Yüzde 54’ü ülkemizde yasal otoritelerin gıda ile ilgili riskler hakkında kamuoyunu oldukça iyi bilgilendirdiğini

Yüzde 53’ü ise ülkemizde yasal otoritelerin Vatandaşın sağlığına yönelik tehlike öngördüğünde çok hızlı harekete geçtiğini söylüyor.

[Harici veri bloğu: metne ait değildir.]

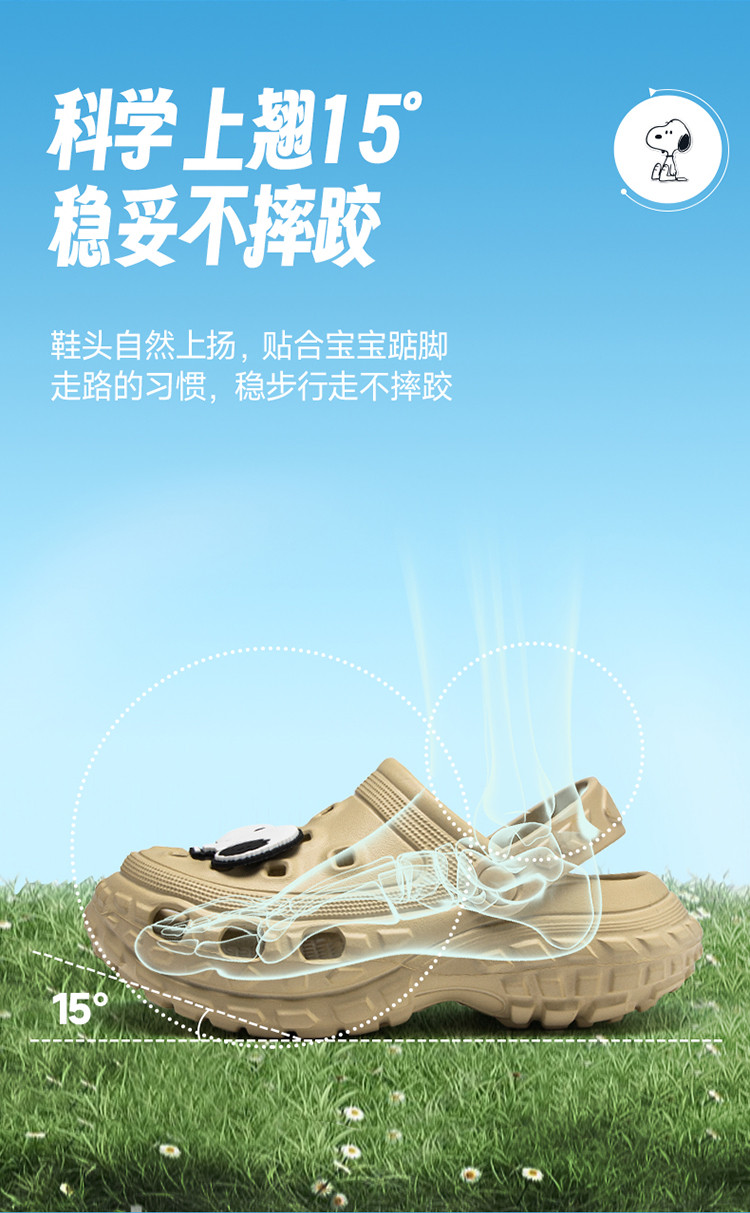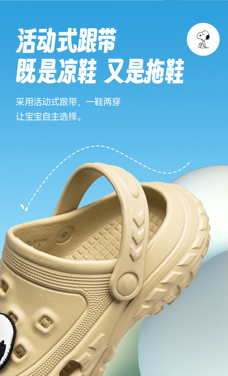 史努比春秋季男女童宝宝家居拖鞋舒适好看中大童儿童洞洞鞋 914205
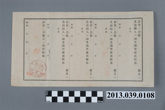 陳隱向麻豆信用購買販賣利用組合提出之借貸支票(約束手形),黏附多張利息支付證明
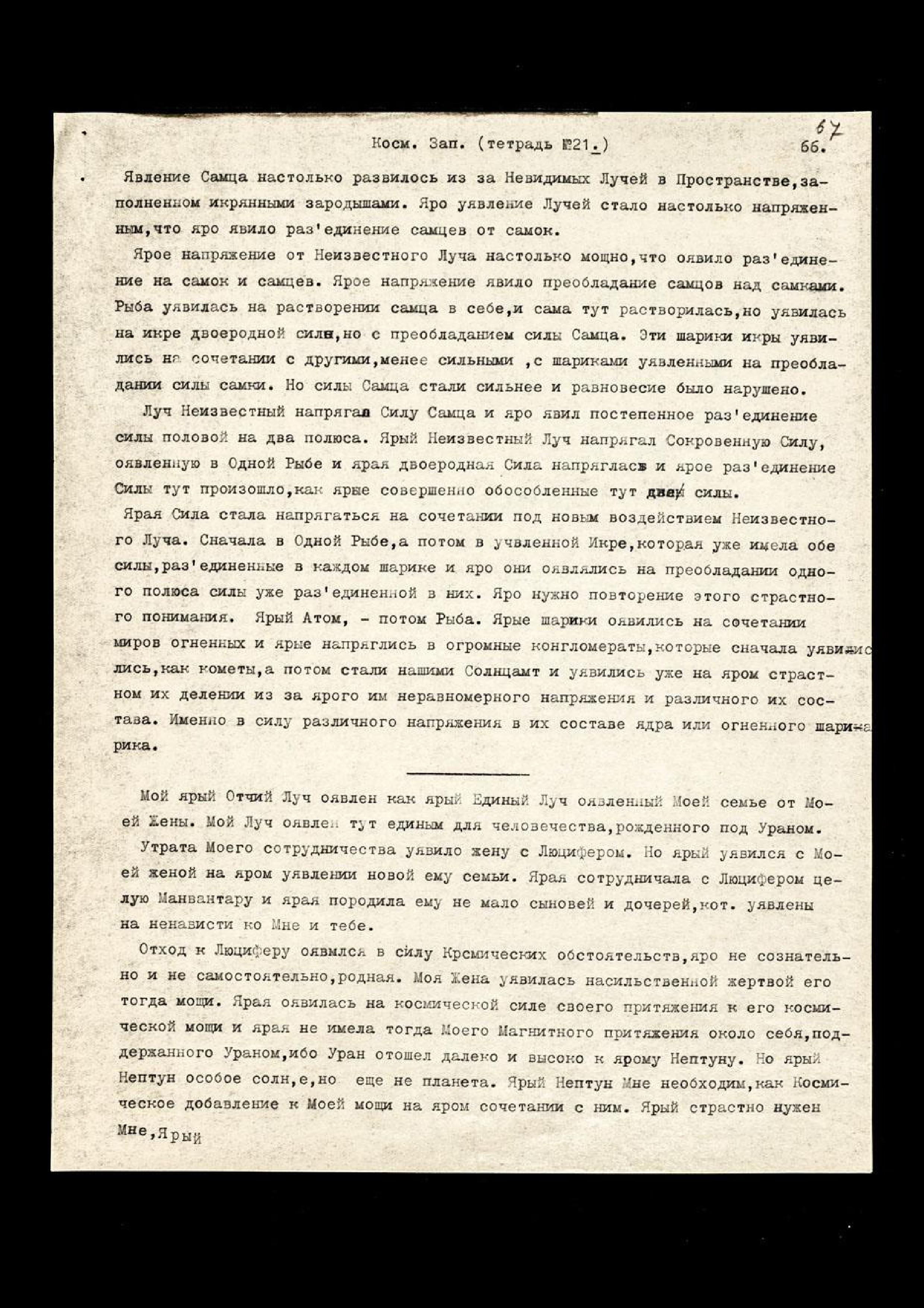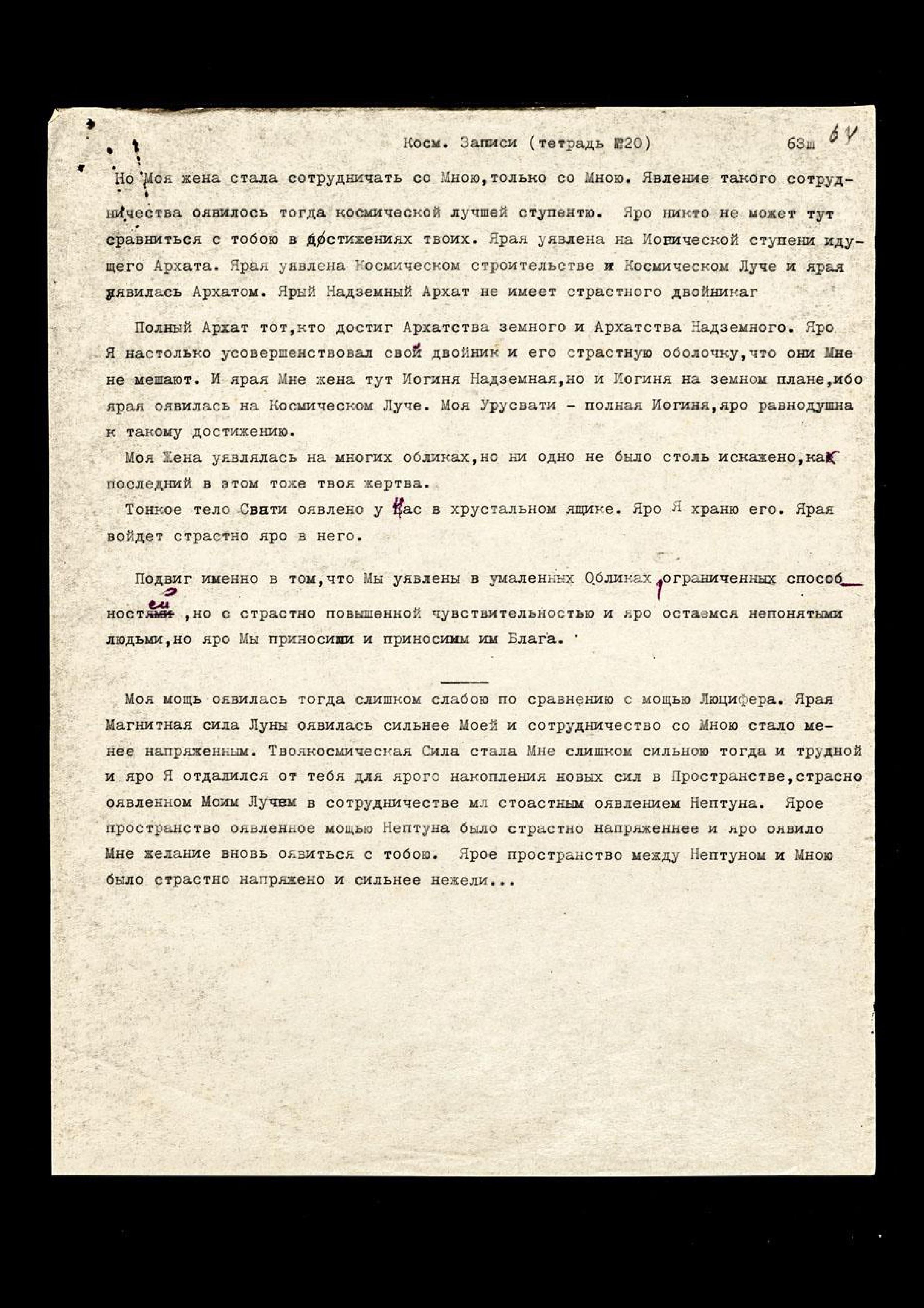Урусвати уявилась на задержке из-за преследования тебя и Меня Люцифером, который мстил Мне за Мою Любовь к тебе. Ярый страстно притягивался ко Мне и к тебе, будучи одной Природы с Нами. Ярый притягивался к тебе сильнее из-за Моего сотрудничества с тобою. Ярый Люцифер погиб, сотрудник Тьмы и рушитель Наших построений, грозный Враг Наш погиб, и яро Мы можем явиться на сотрудничестве прекрасном. Но яро мы должны оявиться с тобою на сотрудничестве самом тесном, самом страстном, любовном, иначе масса поглотит Нас. Нет никого, кто бы мог сдержать эту массу. Братья сотрудничают со Мною и с тобою, но без Меня и тебя не имеют оплота.

*Hormonlu ürünleri anlamak için;

– Domates çekirdeksiz ve içi cıvıksa,

– Patlıcanın içi süngerimsi ve çekirdeksizse,

– Kabak çekirdeksizse,

– Biber aşırı iri ve büyükse,

– Patates şekilsiz ve içinde kararmalar varsa,

– Karpuzun çekirdek yerleri boşsa bunlar hormonlu.

*Sütteki tehlike..

Bakanlığın denetimlerinde en fazla olumsuzluk, çiğ süt, peynir ve hazır yemek sektöründe. Verilere göre, 55 süt örneğinde canlı bakteri ve somatik hücre analizi yapılırken 36 örnekteki bakteri ve somatik hücre sayısı mevzuatın üzerinde çıktı. 19 örnek ise mevzuatına uygun çıktı. 794 peynir örneğinden 7´sinde “salmonella spp” , 35´inde “staphylococcus aureus” , 789 peynir örneğinden 106´sında “escherichia coli” , 702 peynir örneğinden 6´sında “listeria monocytogenes” virüsü belirlendi.

*Yapay tatlandırıcılar..

Amerika’da bir dönem yasaklanan, kansere neden olduğu iddia edilen, diyetisyen ve doktorlar tarafından kullanılmaması tavsiye edilen yapay tatlandırıcıların ithalatı, son sekiz yılda 13 kattan fazla artarak devam ediyor. Uzmanlar “Sağlıklı yaşamak isteyenler her türlü tatlandırıcıdan uzak durmalı. Kimyasal tatlandırıcıların hepsi vücuda yabancı ve zararlı” diyorda, dinleyen kim?

*Baklava ve tatlılar..

Çin, Singapur, Tayvan, Hollanda, Amerika, Almanya gibi ülkelerden gelen yapay tatlandırıcılar, şekerden çok daha yüksek tat veriyor. Aspartam 25 kilogramlık paketler hâlinde satılıyor: Örneğin, bir tepsi baklavada 2,5 kilo şeker kullanılıyor. Bu miktar 7,5 TL’ye denk gelirken, sadece 50 kuruşluk aspartam ile aynı tat karşılanıyor. “Nasıl bu kadar ucuza mal ediyorsunuz, yapımında ne kullanıyorsunuz?” sorularına “Bilmiyoruz, bize hazır geliyor” diyor. Birçok firma, baklavayı toptancıdan hazır alıyor; toptancı ise fiyatı düşürmek için ucuz malzemeye yöneliyor. Pancardan üretilen şekerin yerine kimyasal tatlandırıcılar tercih ediliyor.